Friday, 31 August 2012

lochty phoenix

Railway group keen to pick up steam


If patience is a virtue then a group of railway aficionados based in Leven take the attribute to a whole new level.

Nearly 50 years after the founding members of what is now the Kingdom of Fife Railway Preservation Society first volunteered to help a local train lover with a locomotive, they are finally about to start work on restoring their own steam engine.
And when the train, which was the last working steam engine in Fife, eventually steams into life and pulls passengers along a track on the outskirts of Leven, it will be another milestone in ambitious long-term plans to create a railway heritage centre.
The beginnings of the group, which now has around 80 members, was back in 1966 when a few members of Thornton Railway Club offered to help John Cameron, of Lochty Farm, near Anstruther, clean-up an A4 Pacific called ‘Union of South Africa’.
In 1973, British Railways lifted a ban on steam engines, which allowed the development of Lochty Private Railway as a summer tourist attraction.
Rather than just be a collection of volunteers, the arrangement was formalised with the creation of the Fife Railway Preservation Group to run the railway and collect items of rolling stock and other artefacts common to the railways of Fife.
With falling visitor numbers at Lochty, the railway closed in the early 1990s but the group by then had built up a large collection of items and a decision was made to look for a permanent site on which a heritage centre that would eventually show the restored collection could be created.
The group’s framework was reformed into a charitable company, and renamed the society, and in 1994 the collection was moved to temporary storage at Methil Power Station and the nearby Barclay’s Yard.
This temporary arrangement was to last nearly 10 years before the society was able to acquire around 20 acres at the old Kirkland Yard mustering site from British Railways.
As well as a half-mile track, there is now a large workshop and numerous engines and trucks at various stages of restoration.
The collection includes a number of diesel shunter locos.

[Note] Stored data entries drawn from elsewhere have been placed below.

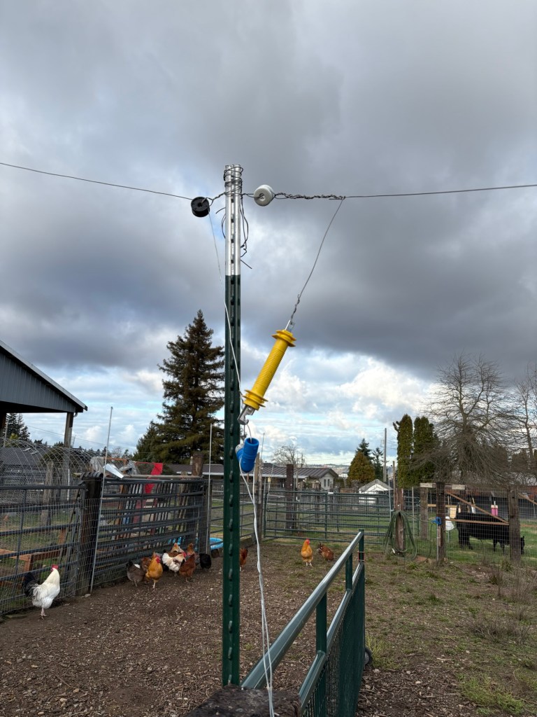 This was a little tricky because the gate latch is attached to a T-post which can angle slightly back and forth. We want to have the electricity running on a high line that will keep it about 6 1/2 feet off the ground. This will put some tension on the top of that T-post and pull it in towards the gate. This will pull the latch into the gate and prevent it from opening. We fixed that by running a guy line from the top of the T-post to one of the cedar posts holding up the neighbor’s fence.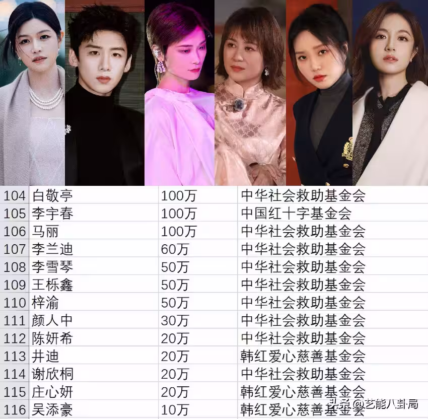 同樣沒有官宣的,還有捐出60萬的李蘭迪,捐50萬的李雪琴、王櫟鑫,捐20萬的陳妍希等。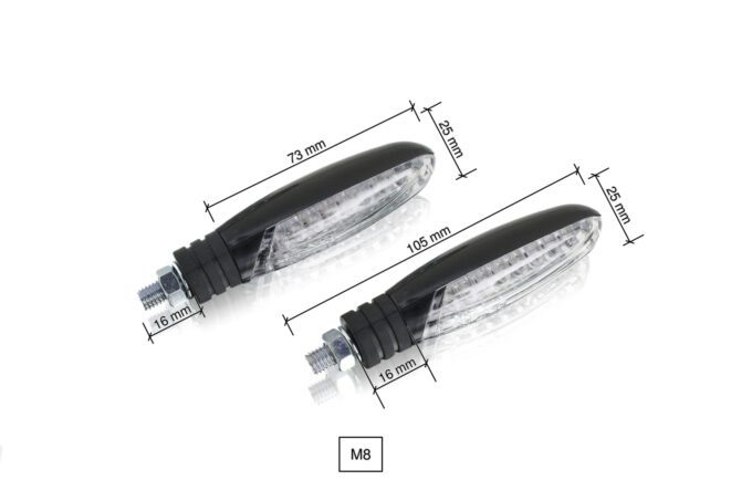 Puig LED blinklygte sæt Model Cigar er et kompakt og stilrent blinklys med klart glas og moderne LED-teknologi. Det slanke design giver et diskret og opdateret udtryk, samtidig med at lysstyrken sikrer tydelig signalgivning.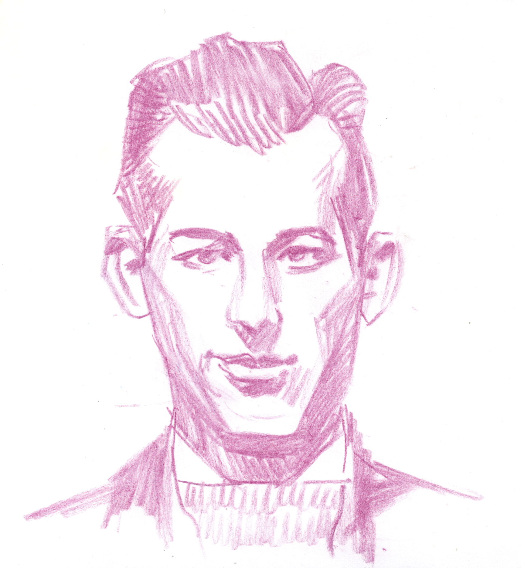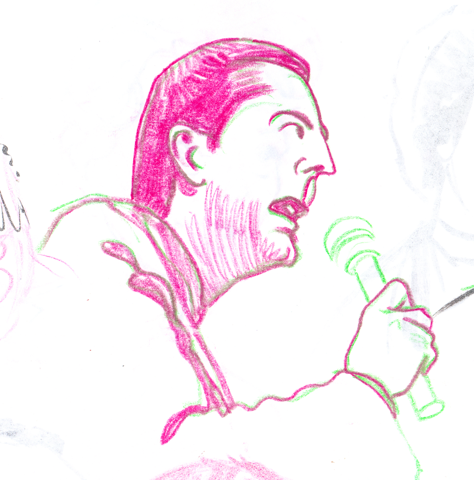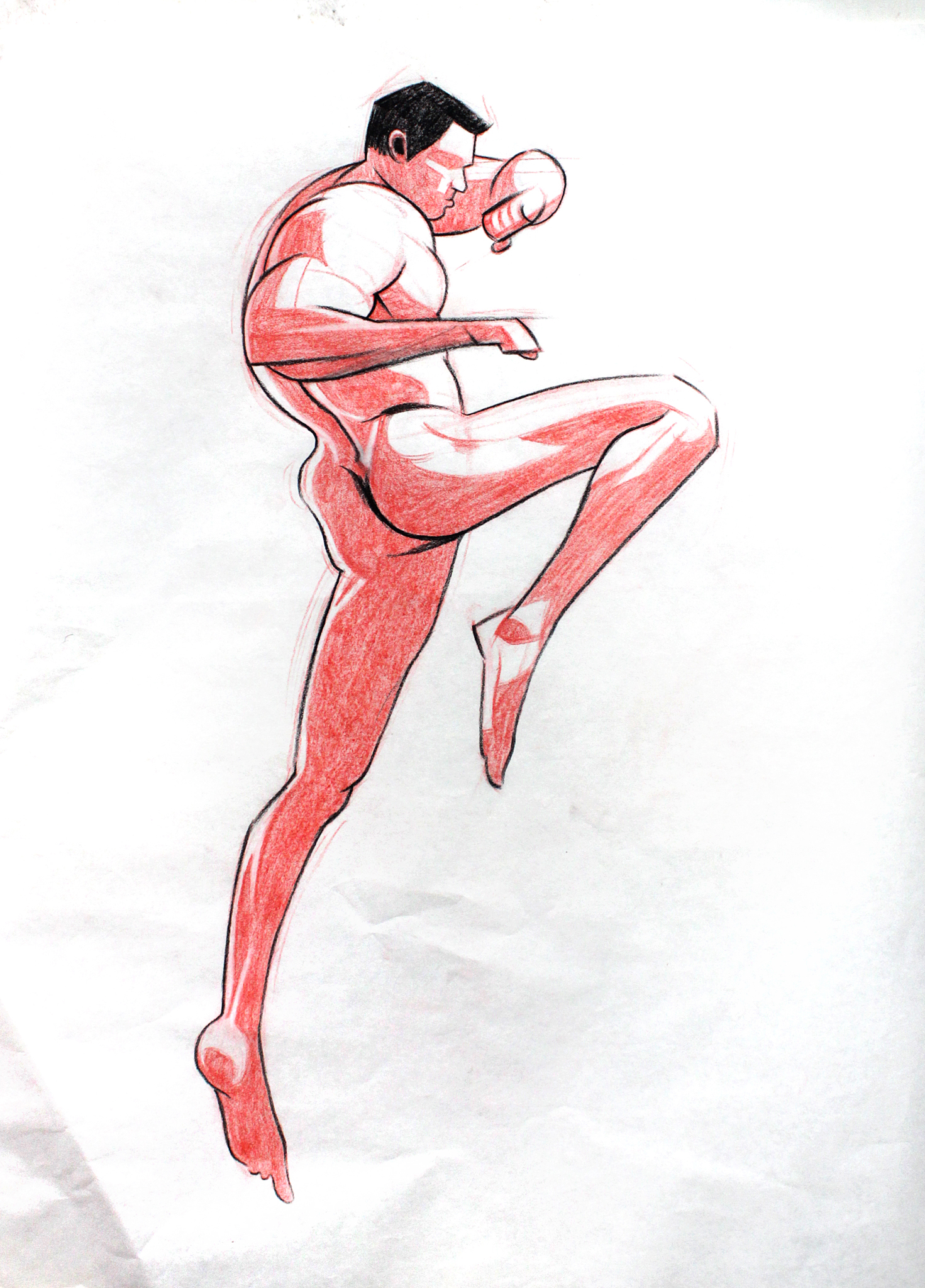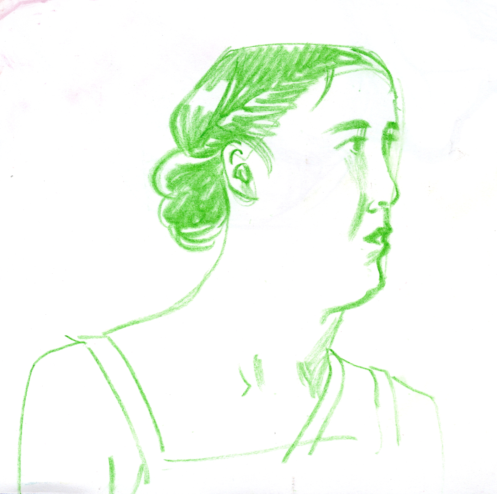 I used a still image from a low quality video as reference. I found it an interesting challenge to translate motion blur and digital artefacts into an analog drawing.

There is the ‘River Eden’, which was from Leuchars aerodrome and was donated by the RAF; the ‘Largo Law’ and ‘Garvie Flyer’, both from Methil Power Station, and the ‘Babcock’, which came from the dockyard at Rosyth.
However, the big news is the ‘Dubbie Pug’, which worked at the Frances pit at Dysart and was the last working steam engine in Fife.
To see it dismantled and lying in pieces, with the 30 years of its disuse reflected in the rust and corrosion, it is difficult to believe it will ever move again.
But retired engineer Jim Danton, who actually served his time with the National Coal Board at the Wellesley working on engines just like the’Dubbie Pug’, has high hopes that with patience, determination and a lot of hard work, the engine could be steaming in about two years.
“It’s key to our plans to create a railway heritage centre that could become a major visitor attraction in Leven,” said chairman Edgar Shields.